トッテナムの降格争いは最終節へ…チェルシーに1-2敗戦で残留確定ならず

イングランド

結末は5月25日に持ち越し

2025-26プレミアリーグ第37節、スタンフォード・ブリッジで行われたロンドンダービー。トッテナム・ホットスパーはチェルシーに1-2で敗れ、プレミアリーグ残留の行方は最終節(第38節)まで持ち越しとなった。引き分けでも残留がほぼ確定する状況でアウェーに乗り込んだデ・ゼルビ監督のチームは、後半に猛攻を見せたものの及ばなかった。

試合経過

序盤はトッテナムが積極的な入りを見せた。前半早々にマティス・テルのヘディングがポストを直撃するなど惜しい場面を作ったが、先制点を奪えなかった。

18分、エンソ・フェルナンデスがペドロ・ネトのパスを受けてペナルティエリア外から見事なカーブで右上隅に決め、チェルシーが先制。後半67分にはアンドレイ・サントスが左足でダメ押しとなる2点目を叩き込み、勝負の行方を大きく傾けた。
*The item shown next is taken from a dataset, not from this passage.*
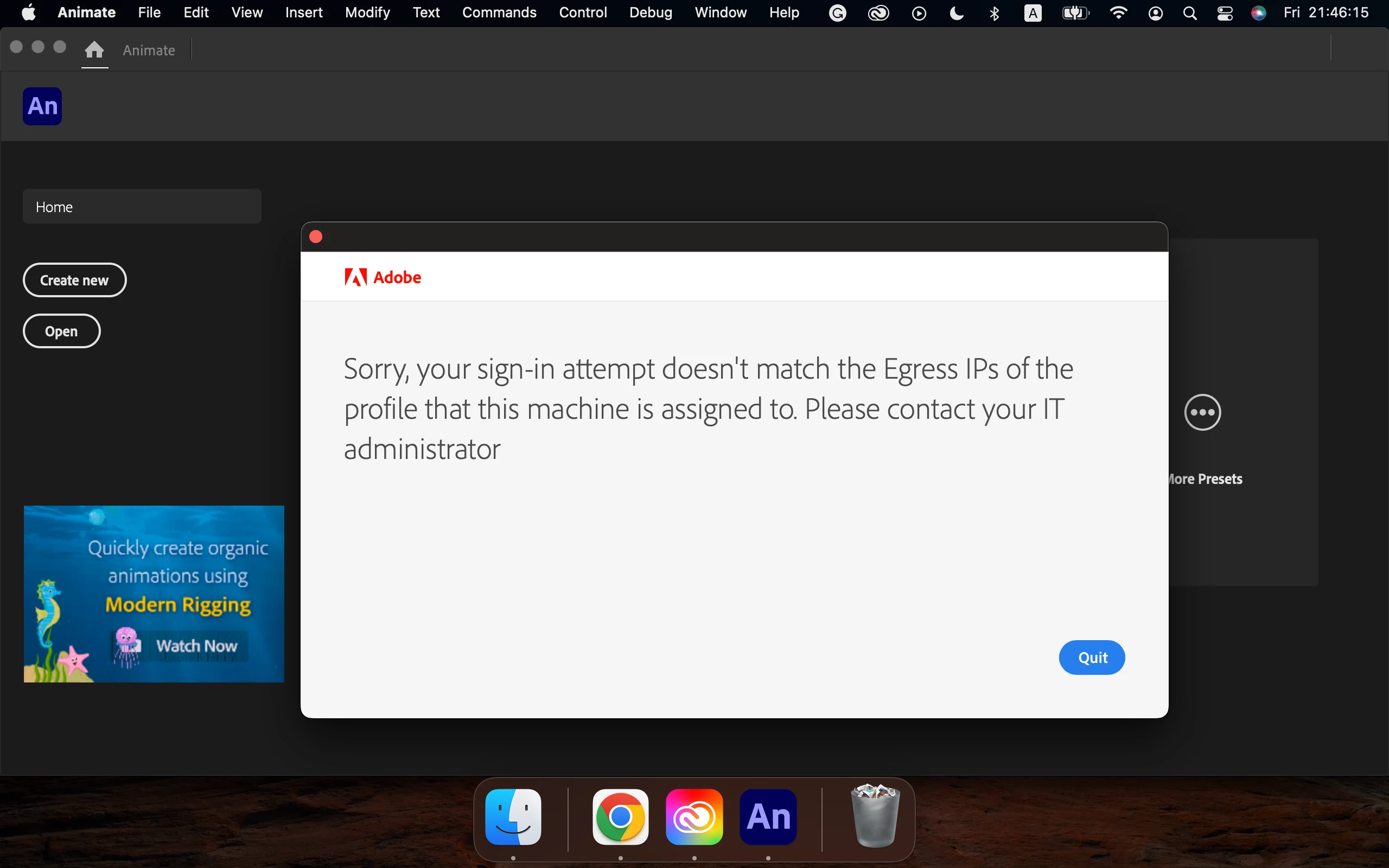 You should contact your Admin, who manages Adobe Admin Console, and share this info with him, including your IP details.

74分、トッテナムは交代出場のパペ・マタル・サールのかかとパスからリシャルリソンが押し込み1点を返した。終盤にはジェームズ・マディソンやコナー・ギャラガーにも決定機が訪れたが、いずれも決め切れず。チェルシーが2-1で逃げ切った。

データが示す「内容と結果の乖離」

Sofascoreの集計によると、ポゼッションはトッテナムが56%と上回り、xG(期待ゴール値)もスパーズの1.72に対してチェルシーは0.63と、数字の上では内容でトッテナムが圧倒していた。ビッグチャンスもスパーズが5回、チェルシーがわずか1回という極端な差があった。
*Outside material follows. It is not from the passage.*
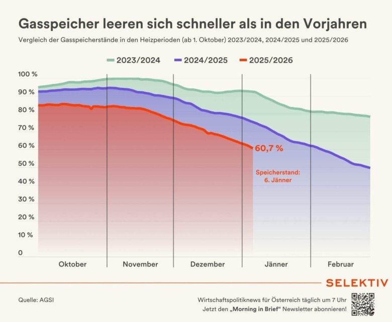 Sellest ajast alates on gaasivarud läänest (läbi Saksamaa ja Itaalia) märkimisväärselt suurenenud ning paralleelselt on arendatud alternatiivseid hoidlaid. Austria hoidlad on viimastel aastatel üldiselt hästi täidetud olnud – kuid isegi siin on 2025/26. aasta talvel ilmne langus: 2025. aasta detsembri lõpus oli ladude tase AGSI andmetel umbes 77 protsenti, võrreldes aasta varem peaaegu 90 protsendiga.

シュート数は両チームとも9本で並んでいたが、チェルシーは4本が枠内に収まり2ゴール。対してトッテナムは枠内シュートが3本で1ゴールと、「決め切れない」という今季を象徴するような試合だった。

エンソ・フェルナンデスはゴール、アシスト、2本のキーパス、さらにポストを叩くシュートを記録してSofascoreレーティング8.7の高評価。アンドレイ・サントスも39本全パス成功、タックル5/5全成功という圧巻のスタッツを残した。

デ・ゼルビ体制が抱える根本的課題

4月中旬にロベルト・デ・ゼルビが新監督に就任してからも、トッテナムの状況は好転していない。就任直後にはキャプテンのクリスティアン・ロメロが膝の重傷でシーズン絶望となるアクシデントにも見舞われ、守備の再構築という難題を突きつけられた。
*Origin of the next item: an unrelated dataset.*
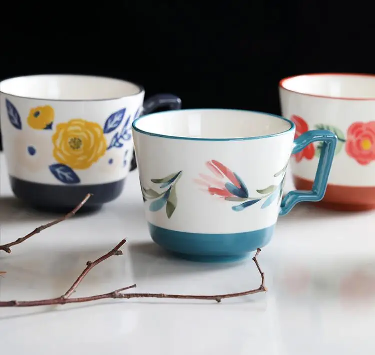 Креативная Всесезонная кружка в цветочек, домашняя керамическая чашка для воды, Офисная большая емкость, чашка для овсянки Q70

デ・ゼルビ体制での初勝利は4月25日のウルヴァーハンプトン戦(1-0)まで持ち越された。ポゼッションとxGの数字は改善の兆しを見せているが、ビッグチャンスを次々と逃す決定力不足は今なお解消されていない。この試合でも「内容では負けていない」という評価は出るが、残留争いでは結果だけが問われる。

生死を分ける最終節の構図

第37節終了時点で、17位トッテナムと18位ウェストハムの勝ち点差は2。最終節のマッチアップは以下の通りだ。

  • トッテナム(17位):ホームでエヴァートンと対戦(5月25日)
  • ウェストハム(18位):アウェーでリーズと対戦(5月25日)

トッテナムが勝利すれば自力残留が確定する。引き分けの場合はウェストハムの結果次第となる。敗戦の場合、ウェストハムが引き分け以上の結果を出せばトッテナムの降格が決定する。

1977年以来、実に48年ぶりの2部降格という歴史的な屈辱を避けられるかどうか、最終節での勝利が絶対条件に近い状況だ。降格した場合の財務的損失はBBCの試算で最大2億6100万ポンド(約552億円)に上るとも試算されており、クラブの存在を揺るがす一戦となる。

敵チェルシーのモチベーションも無視できない

チェルシーにとっても最終節は無関係ではない。この試合の勝利でヨーロッパリーグ出場権圏内争いにまだ望みをつないでおり、5月25日のホーム最終戦にも強いモチベーションをもって臨んでくる。一方で、チェルシーはFAカップ決勝でマンチェスター・シティに敗れたばかりで、この試合の勝利がシーズン最終節に向けた一定の勢いを与えた形だ。

エヴァートンとトッテナムの一戦は、数字だけ見ればスパーズ有利に見えるかもしれない。しかし今季のトッテナムは「内容が良くても勝てない」試合を何度も繰り返してきた。5月25日、トッテナム・ホットスパー・スタジアムに4万6000人を超えるサポーターが詰めかける中で、この呪縛を断ち切れるかが問われることになる。